2) Another way is to use MERGE statement supported in SQL Server 2008 and higher - http://msdn.microsoft.com/en-us/library/bb510625(v=sql.100).aspx.
3) Of course you can copy using INSERT+DELETE, but in this case or in case of MERGE command used do this in a small batches. Smth like:
SET ROWCOUNT 10000
DECLARE #Count [int] = 1
WHILE #Count > 0 BEGIN
... INSERT+DELETE/MERGE transcation...
SET #Count = ##ROWCOUNT
END
If your purpose is truly just to move the data from the two tables into one table, you will want to do it in batches - 100K records at a time, or something like that. I'd guess you crashed before because your T-Log got full, although that's just speculation. Make sure to throw in a checkpoint after each batch if you are in Full recovery mode.

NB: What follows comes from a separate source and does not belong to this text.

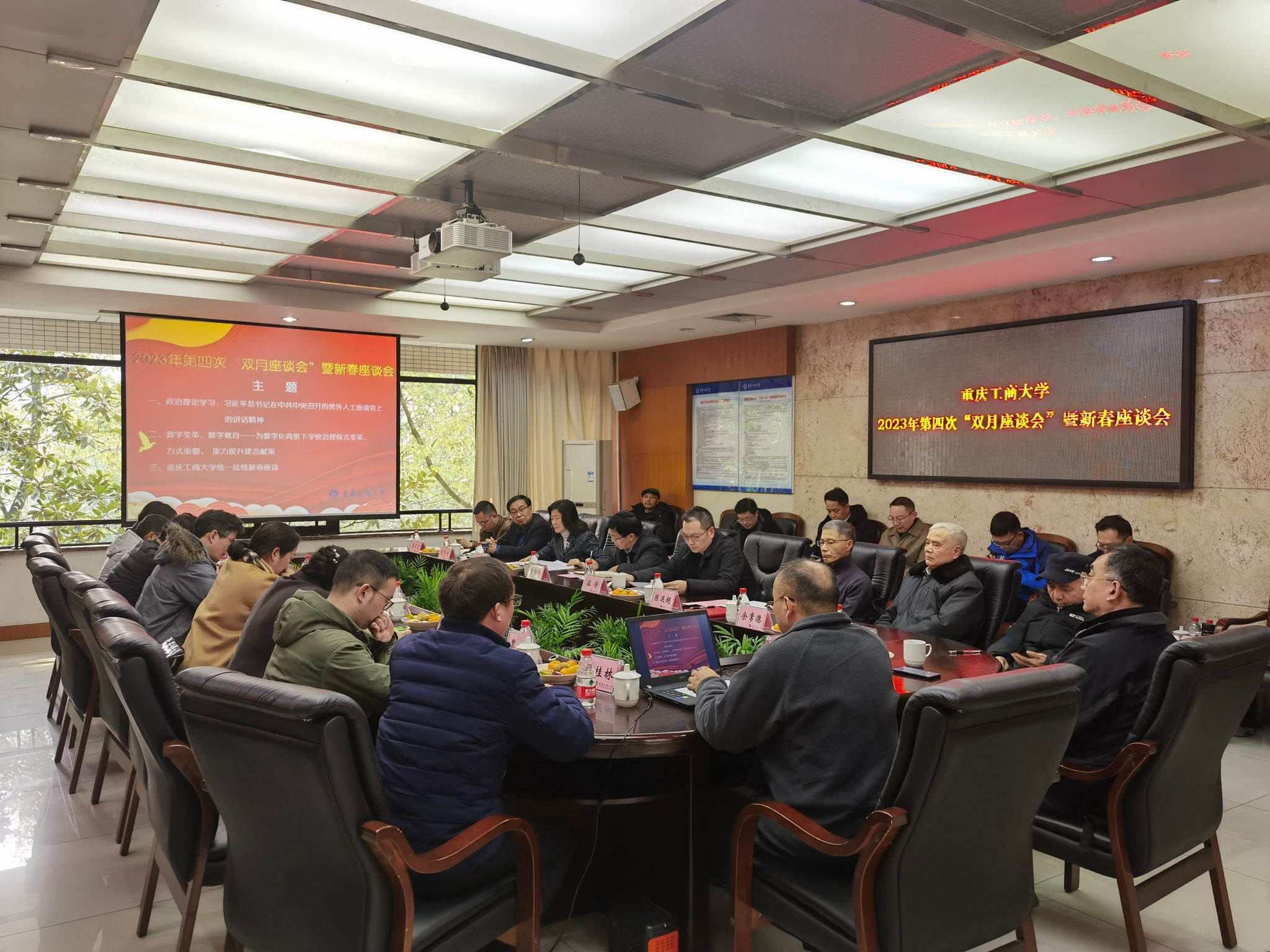 12月27日下午,bat365官网在厚德楼3019会议室召开统一战线2023年第四次“双月座谈会”暨新春座谈会。本次双月座谈会的主题是:数字变革,数字教育——为数字化背景下学校治理模式变革、方式重塑、能力提升建言献策;统一战线新春座谈。学校党委书记曾维伦,校长温涛,党委副书记兼统战部部长宋豫,党委常委、副校长陈运超;全国政协委员、市区人大代表和政协委员,民主党派中央委员会委员、市委会副主委、区委会副主委、委员;学校各民主党派基层组织、统战团体主要负责人及代表,有关职能部门负责人共30余人参加了会议。会议由宋豫主持。

That said, I agree with all the comments that you should provide why you are doing this - it may not be necessary at all.
You may want to have a look at an Indexed View.
In this way, you can set up indexes on your view and get the best performance out of it. The expensive part of using Indexed Views is in the CRUD operations - but for read performance it would be your best solution.
http://www.brentozar.com/archive/2013/11/what-you-can-and-cant-do-with-indexed-views/
https://www.simple-talk.com/sql/learn-sql-server/sql-server-indexed-views-the-basics/
If the two tables are linked one to one, then you are wasting the cpu time a lot for each read. Especially that you mentioned that the tables don't change at all. You should have only one table in this case.
Try creating a new table including (at least) the two columns from the two tables.
You can do this by:
Select into newTable
from A left join B on A.x=B.y
or (if some people don't have the information of the text file)
Select into newTable
from A inner join B on A.x=B.y
And note that you have to have made index on the join fields at least (to speed up the process).
More details about the fields may help giving more precise answer as well.